I have faced the similar error as well, and will be thankful for any help and advice.

RuntimeError: Input type (torch.FloatTensor) and weight type (torch.cuda.FloatTensor) should be the same

1 Like

can you post a minimal example to reproduce it? Typically something hasn’t been pushed to the correct device (usually the GPU).

You need to convert your input to cuda before feeding it to the model.
Let’s say:

model = VGG16()
model.cuda()

for inp in dataset:
    x = inp.cuda()
    y = model(x)
   ...
7 Likes

need to move your model to GPU:

model.cuda()

16 Likes

Thanks very much! my problem was fixed because of your idea!

I got the same problem. while later found that nn.ModuleList should be used to properly implement list of modules in pytorch, otherwise, it can’t be recognized.
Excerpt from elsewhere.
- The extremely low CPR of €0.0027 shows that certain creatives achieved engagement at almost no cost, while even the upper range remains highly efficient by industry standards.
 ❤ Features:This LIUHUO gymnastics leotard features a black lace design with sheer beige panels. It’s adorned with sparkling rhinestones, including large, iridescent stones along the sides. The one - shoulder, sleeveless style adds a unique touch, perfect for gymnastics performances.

Hope this helps

10 Likes

Thanks. Fixed my problem.

i have the some issue please need your help

The error is raised if your data or model are not pushed to the device, while one of them is.
You should make sure that both are on the GPU using:

model.to('cuda')
data = data.to('cuda')

as explained in this topic.

6 Likes

Thanks a lot! Worked.

Thanks for this suggestion, this was my issue.

Model.cuda() #not a good approach

is not what i will tell you to do …
you may use

device =  torch.device('cuda')if torch.cuda.is_available() else torch.device('cpu')
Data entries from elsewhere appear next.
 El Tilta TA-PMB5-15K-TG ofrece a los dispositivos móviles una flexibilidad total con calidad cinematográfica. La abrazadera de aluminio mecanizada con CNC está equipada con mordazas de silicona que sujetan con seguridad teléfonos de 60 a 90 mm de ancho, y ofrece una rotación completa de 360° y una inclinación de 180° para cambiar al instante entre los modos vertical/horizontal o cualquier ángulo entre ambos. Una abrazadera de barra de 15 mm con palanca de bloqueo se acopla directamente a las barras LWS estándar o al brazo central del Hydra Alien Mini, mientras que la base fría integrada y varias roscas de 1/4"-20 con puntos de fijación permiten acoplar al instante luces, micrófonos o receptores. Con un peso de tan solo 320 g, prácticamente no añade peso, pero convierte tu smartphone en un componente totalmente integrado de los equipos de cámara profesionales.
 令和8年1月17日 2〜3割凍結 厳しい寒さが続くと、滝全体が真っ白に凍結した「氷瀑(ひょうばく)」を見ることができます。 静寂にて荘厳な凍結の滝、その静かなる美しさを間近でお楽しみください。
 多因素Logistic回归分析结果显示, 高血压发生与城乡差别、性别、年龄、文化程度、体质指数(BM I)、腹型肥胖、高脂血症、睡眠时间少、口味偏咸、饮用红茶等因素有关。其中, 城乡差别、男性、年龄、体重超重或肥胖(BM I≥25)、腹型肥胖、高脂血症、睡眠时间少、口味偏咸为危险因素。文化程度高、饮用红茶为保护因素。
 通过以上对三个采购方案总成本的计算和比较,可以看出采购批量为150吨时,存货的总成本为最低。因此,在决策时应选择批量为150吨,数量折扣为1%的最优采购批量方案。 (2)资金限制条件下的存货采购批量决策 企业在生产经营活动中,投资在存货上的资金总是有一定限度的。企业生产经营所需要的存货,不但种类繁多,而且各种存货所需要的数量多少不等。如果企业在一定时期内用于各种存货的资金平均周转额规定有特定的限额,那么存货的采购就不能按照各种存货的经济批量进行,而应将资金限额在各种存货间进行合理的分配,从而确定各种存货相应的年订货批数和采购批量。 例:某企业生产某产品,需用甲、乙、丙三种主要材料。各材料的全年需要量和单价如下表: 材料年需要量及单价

then push the model to device & not cuda 

model = model.to(device) ## this will be a correct approach
### otherwise it will not be reproducable ###

Thank you so much. Great.

One of element of n-network is not registered on GPU

CNN_net(
  (conv1): Conv2d(1, 16, kernel_size=(5, 5), stride=(1, 1))
  (maxpool): MaxPool2d(kernel_size=2, stride=2, padding=0, dilation=1, ceil_mode=False)
  (conv2): Conv2d(16, 24, kernel_size=(5, 5), stride=(1, 1))
  (maxpool2): MaxPool2d(kernel_size=2, stride=2, padding=0, dilation=1, ceil_mode=False)
  (fc1): Linear(in_features=384, out_features=100, bias=True)
  (fc2): Linear(in_features=100, out_features=10, bias=True)
  (prelu): PReLU(num_parameters=1)
)

Example 2

CNN_net(
  (conv1): Conv2d(1, 16, kernel_size=(5, 5), stride=(1, 1))
  (maxpool): MaxPool2d(kernel_size=2, stride=2, padding=0, dilation=1, ceil_mode=False)
  (conv2): Conv2d(16, 24, kernel_size=(5, 5), stride=(1, 1))
  (maxpool2): MaxPool2d(kernel_size=2, stride=2, padding=0, dilation=1, ceil_mode=False)
  (fc1): Linear(in_features=384, out_features=100, bias=True)
  (fc2): Linear(in_features=100, out_features=10, bias=True)
  
)

Only solution is to include elements of n-network in init function else torch wont register it while transfering to gpu.